Not only can non-living matter have goals, at least in this weak sense, but it increasingly does . If you’d been observing Earth’s atoms since our planet formed, you’d have noticed three stages of goal-oriented behavior:

1. All matter seemed focused on dissipation (entropy increase).

2. Some of the matter came alive and instead focused on replication and subgoals of that.

3. A rapidly growing fraction of matter was rearranged by living organisms to help accomplish their goals.

Table 7.1 shows how dominant humanity has become from the physics perspective: not only do we now contain more matter than all other mammals except cows (which are so numerous because they serve our goals of consuming beef and dairy products), but the matter in our machines, roads, buildings and other engineering projects appears on track to soon overtake all living matter on Earth. In other words, even without an intelligence explosion, most matter on Earth that exhibits goal-oriented properties may soon be designed rather than evolved. Goal-Oriented Entities Billions of Tons5 × 10 30bacteria 400 Plants 400 10 15mesophelagic fish 10 1.3 × 10 9cows 0.5 7 × 10 9humans 0.4 10 14ants 0.3 1.7 × 10 6whales 0.0005 Concrete 100 Steel 20 Asphalt 15 1.2 × 10 9cars 2

Table 7.1: Approximate amounts of matter on Earth in entities that are evolved or designed for a goal. Engineered entities such as buildings, roads and cars appear on track to overtake evolved entities such as plants and animals.

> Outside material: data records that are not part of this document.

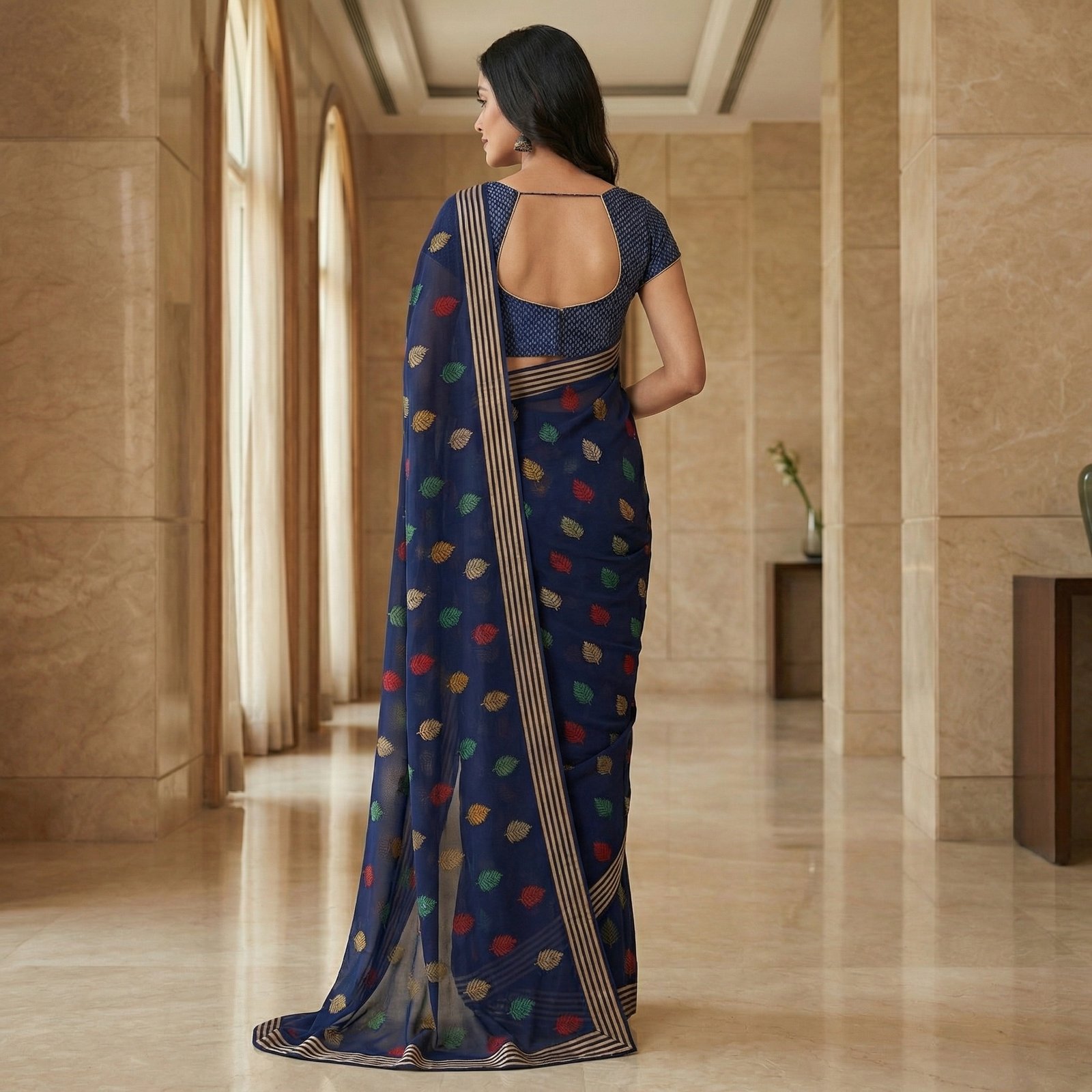 Elegant navy blue georgette saree featuring multicolor leaf motifs and a refined striped border. Lightweight, flowy drape with matching blouse—perfect for festive and party wear.
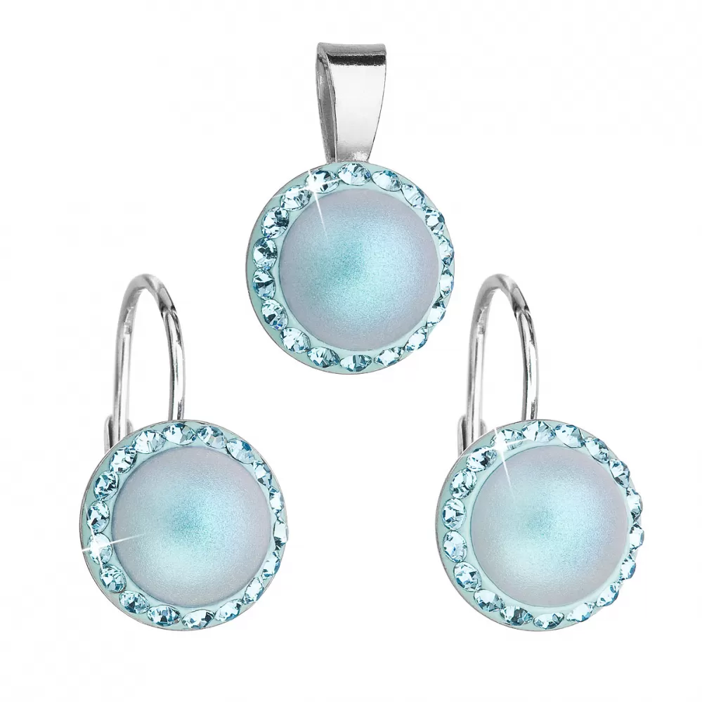 Súprava šperkov s kryštálmi Swarovski náušnice a prívesok so svetlo modrou matnou perlou okrúhle 39091.3
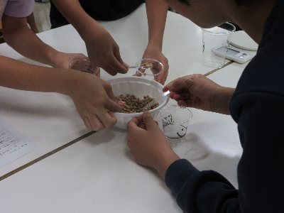 写真は、豆を魚に見立てたゲームに取り組んでいるところです。ゲームを通して、魚をとる量はどのように決められているのか?など、漁業のルールについて考えていきました。
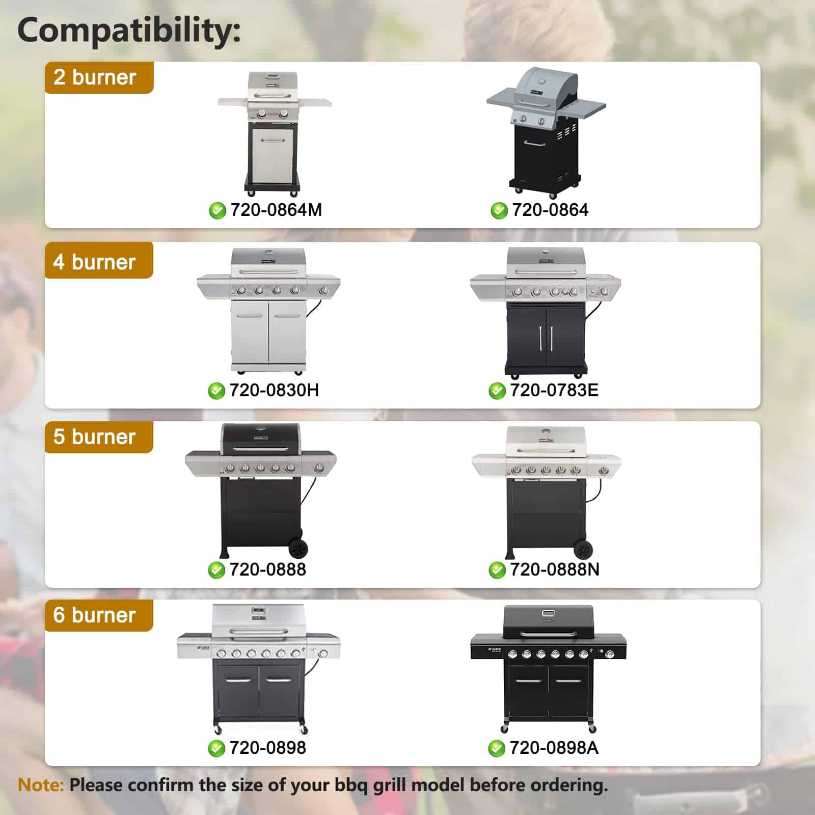 2. Repuestos de parrilla para Nexgrill 720-0898, 720-0898A, 720-0888, 720-0888A, 720-0888N, 720-0830H, 720-0830A, 720-0783E, 720-0864M, 720-0830D, 720-0864, 720-0864R, 720-0882S, 720-0894F, 720-0896CA, 720-0925S, 720-0958A, 730-0898 Modelos de Parrilla.
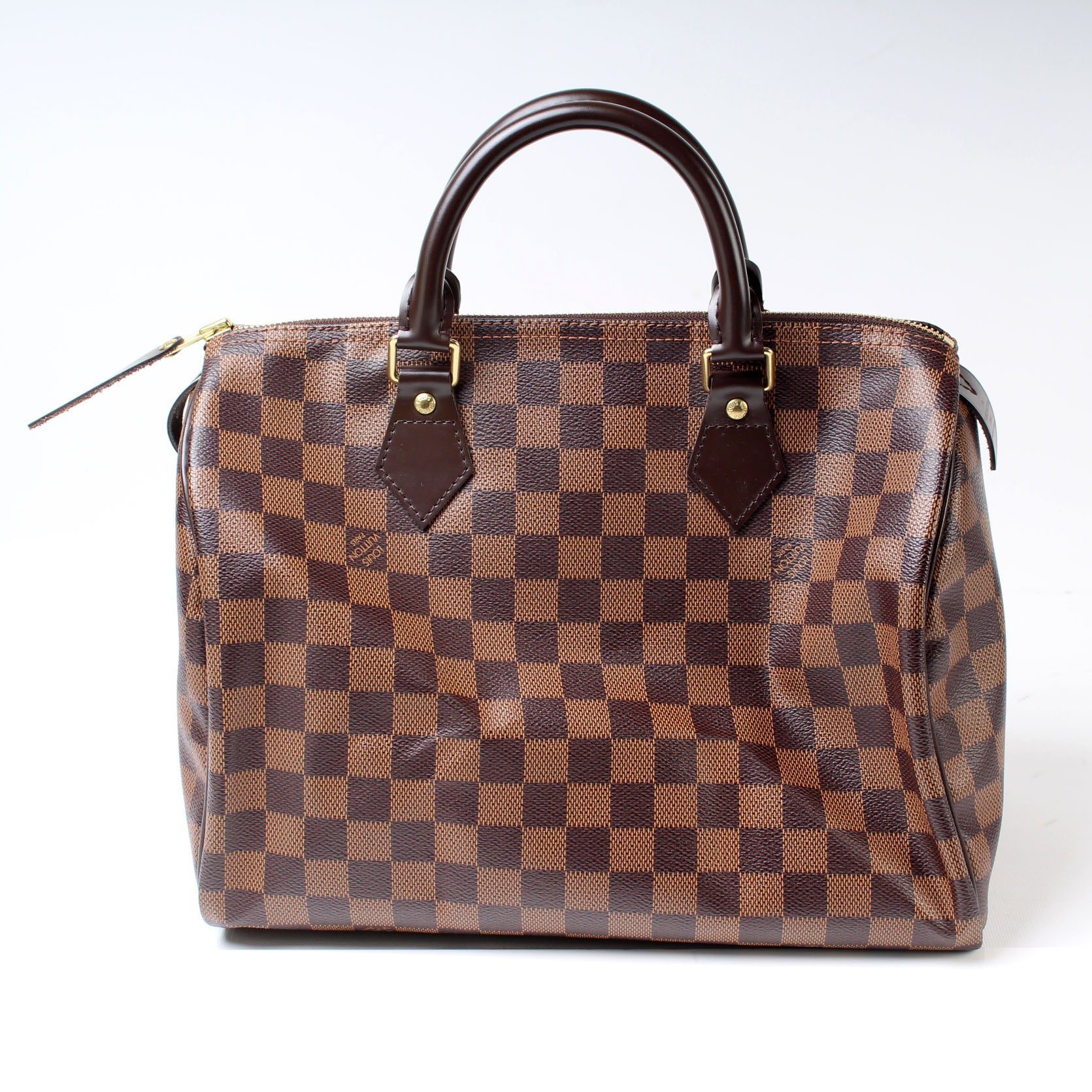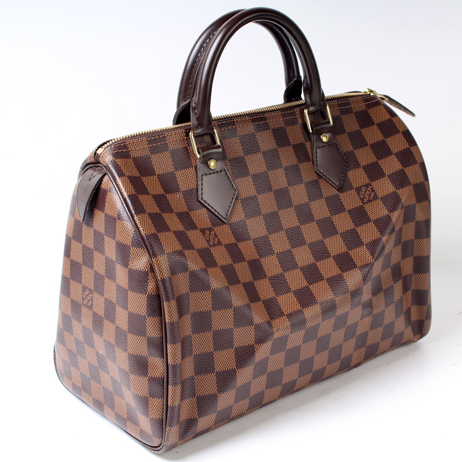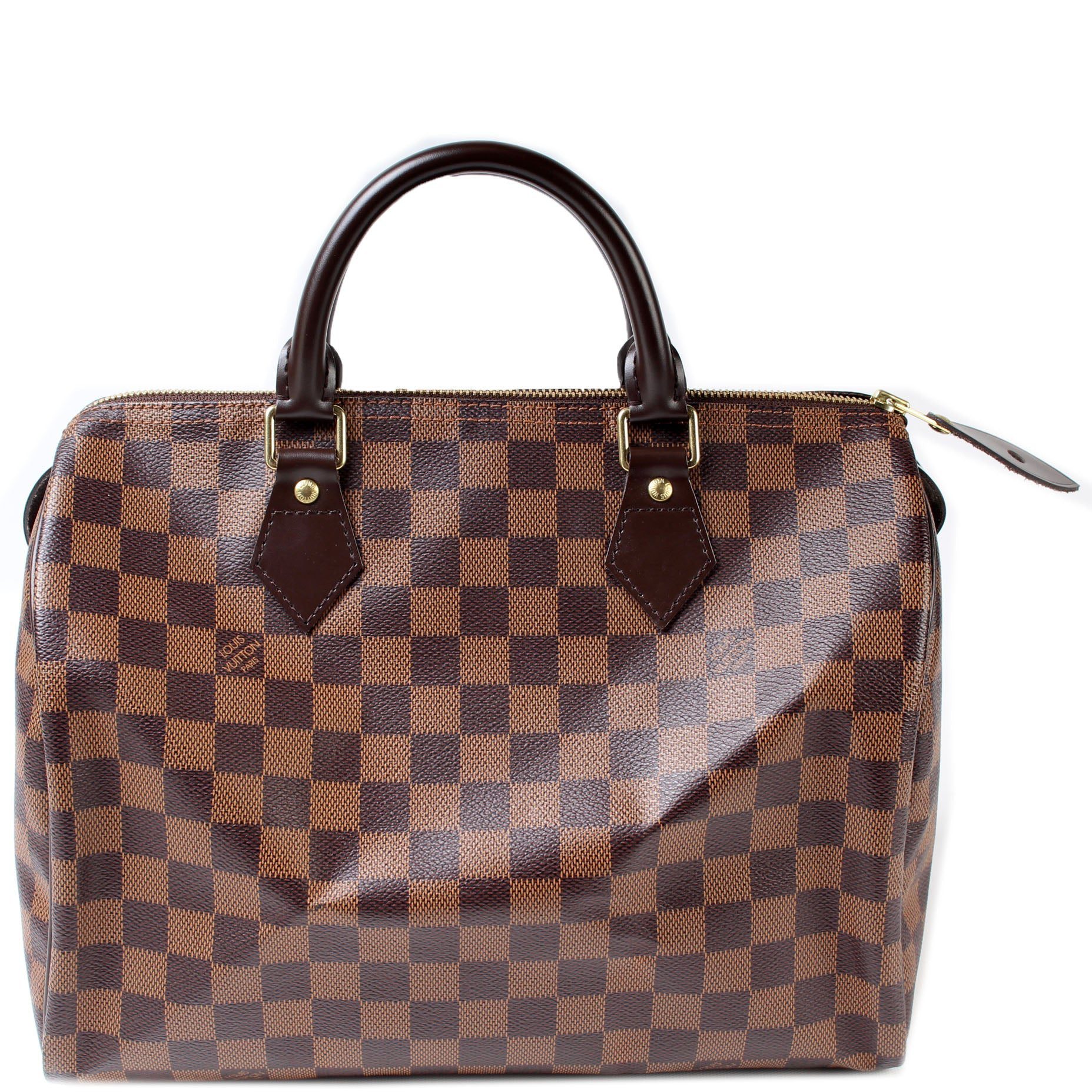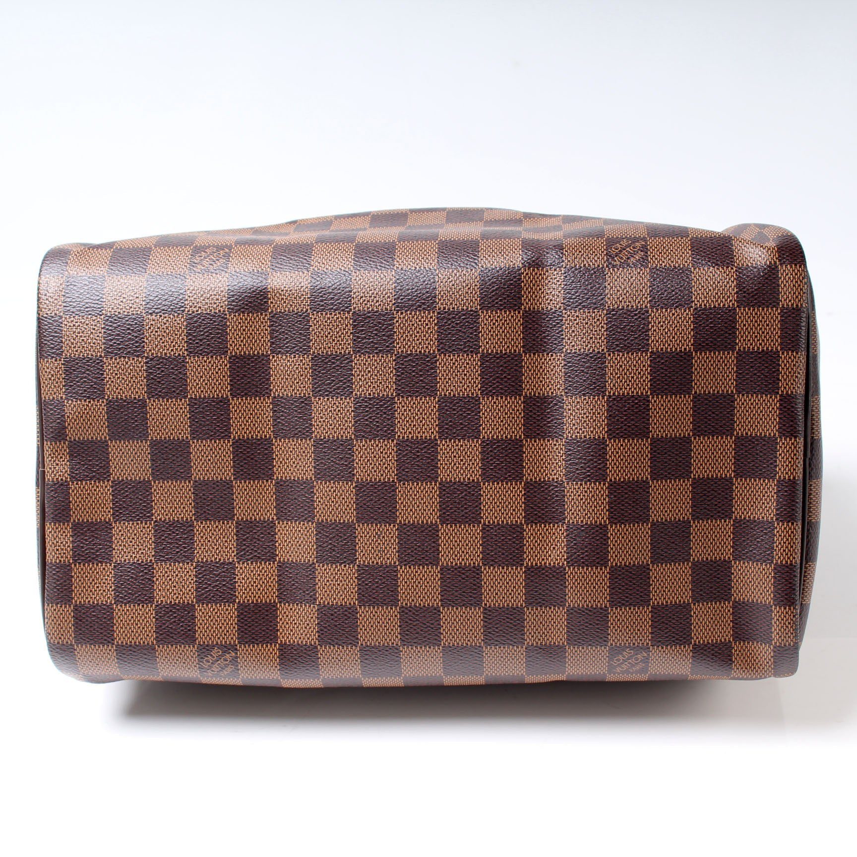 Louis Vuitton Speedy 30. The exterior is in the classic Damier Ebene coated canvas. Â

This new third kind of goal-oriented behavior has the potential to be much more diverse than what preceded it: whereas evolved entities all have the same ultimate goal (replication), designed entities can have virtually any ultimate goal, even opposite ones. Stoves try to heat food while refrigerators try to cool food. Generators try to convert motion into electricity while motors try to convert electricity into motion. Standard chess programs try to win at chess, but there are also ones competing in tournaments with the goal of losing at chess.

There’s a historical trend for designed entities to get goals that are not only more diverse, but also more complex: our devices are getting smarter. We engineered our earliest machines and other artifacts to have quite simple goals, for example houses that aimed to keep us warm, dry and safe. We’ve gradually learned to build machines with more complex goals, such as robotic vacuum cleaners, self-flying rockets and self-driving cars. Recent AI progress has given us systems such as Deep Blue, Watson and AlphaGo, whose goals of winning at chess, winning at quiz shows and winning at Go are so elaborate that it takes significant human mastery to properly appreciate how skilled they are.